1820-31: insurrezioni liberali in Europa

Nel biennio 1820-21 si verificarono in Europa diversi moti insurrezionali. In Spagna, nel gennaio 1820, un
corpo di spedizione si ammutinò a Cadice; la ribellione si estese per opera di soldati appartenenti alle
società segrete e il re Ferdinando VII concesse una Costituzione che ripristinava i poteri parlamentari.

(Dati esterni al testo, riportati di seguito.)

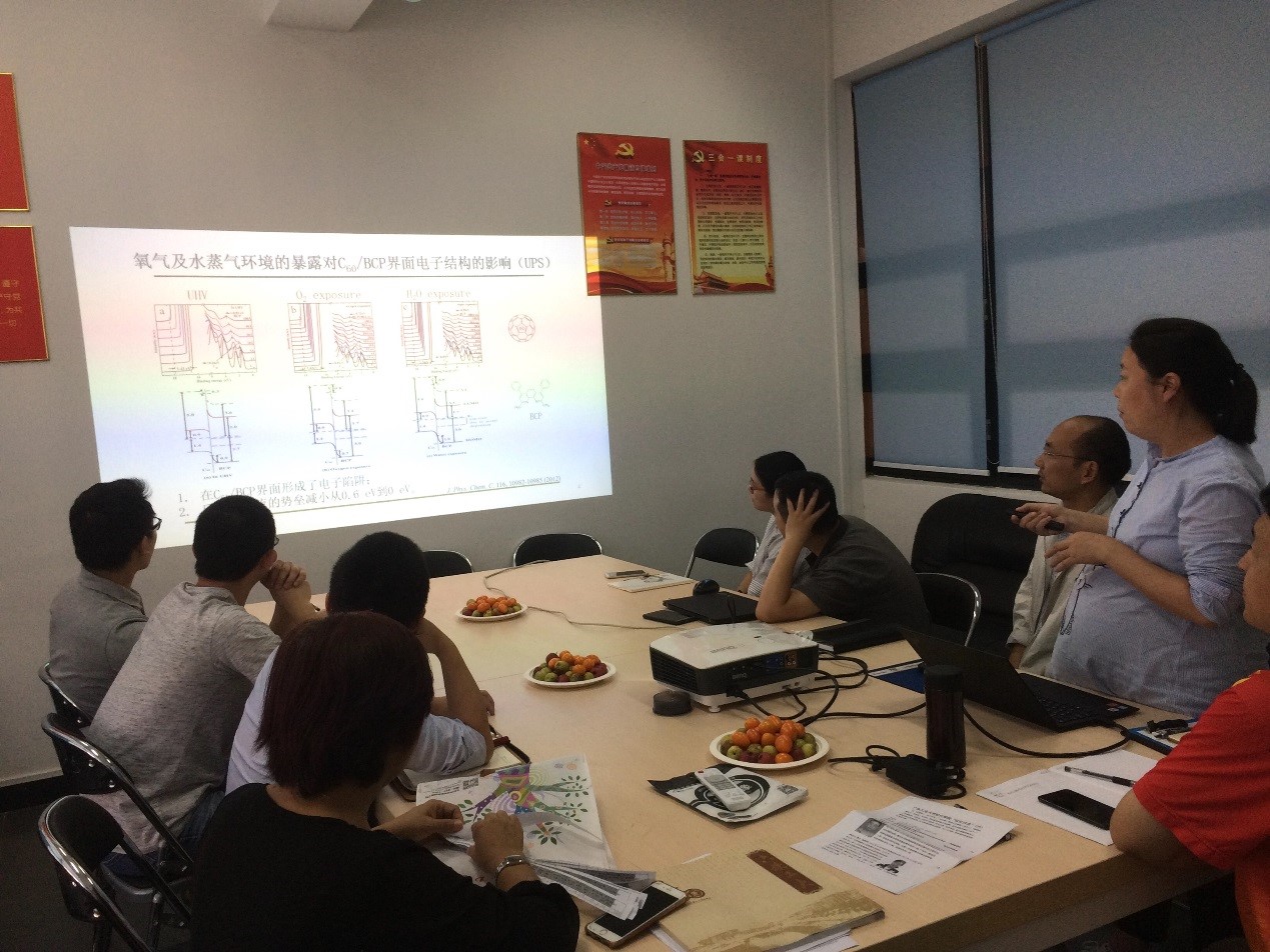 会议伊始,live007即时比分 应化系青年百人杨庆旦副教授以 “界面电子结构对有机光伏器件性能的影响”为主题做报告,重点介绍了借助紫外射线光电能谱和X射线光电子能谱,在超高真空条件下(基压10-10 Torr)研究有机光伏材料在界面之间的相互作用及界面电子结构变化对器件性能的影响,从而提高器件的光电转化效率及长期稳定性,以期解决制约有机光伏器件商业化的瓶颈问题。

Negli Stati italiani, un'insurrezione scoppiò prima a Napoli, dove il re concesse una Costituzione simile a
quella spagnola, poi a Palermo, dove un moto separatista fu represso dalle truppe regie. In Piemonte,
l'insurrezione, ispirata dalla società segreta dei Federati, aveva come scopo la cacciata degli austriaci e la
formazione di un Regno dell'Alta Italia. Il re vittorio Emanuele l abdicò in favore del fratello Carlo Felice.

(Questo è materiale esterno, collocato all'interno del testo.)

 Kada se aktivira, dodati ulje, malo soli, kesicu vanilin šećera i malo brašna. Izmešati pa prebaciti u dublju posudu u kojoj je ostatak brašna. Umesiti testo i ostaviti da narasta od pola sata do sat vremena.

Il reggente Carlo Alberto, su cui puntavano gli insorti, concesse una Costituzione subordinandone la
validità all'approvazione di Carlo Felice, che non arrivò. Carlo Alberto fu costretto a lasciare il regno e la
rivolta fu repressa dall'intervento delle truppe della Santa Alleanza, che restaurò l'assolutismo anche in
Spagna e a Napoli. All'inizio del XIX secolo, nei territori sottoposti all'autorità dell'Impero ottomano,
alcune realtà si erano di fatto rese autonome, come l'Egitto e alcuni territori dei Balcani abitati da
popolazioni cristiane. La politica religiosa dell'Impero turco era caratterizzata dalla tolleranza dei culti,
ma da una discriminazione sociale dei non musulmani. Le difficoltà legate alla compresenza di diverse
culture e religioni determinò una crisi che esplose negli anni Venti. In Serbia era stata concessa una forte
autonomia, sotto la spinta di un movimento indipendentista. In Grecia nel 1821 scoppiò una rivoluzione
finalizzata all'indipendenza nazionale, che fu appoggiata dalla Russia, dalla Francia e dalla Gran
Bretagna, che volevano estendere la loro influenza nell'area mediterranea. Il conflitto fu deciso
dall'intervento delle potenze europee e nel 1829 fu proclamata l'indipendenza della Grecia, poi
confermata dai protocolli di Londra, che sancirono anche l'autonomia di Serbia, Moldavia e Valacchia.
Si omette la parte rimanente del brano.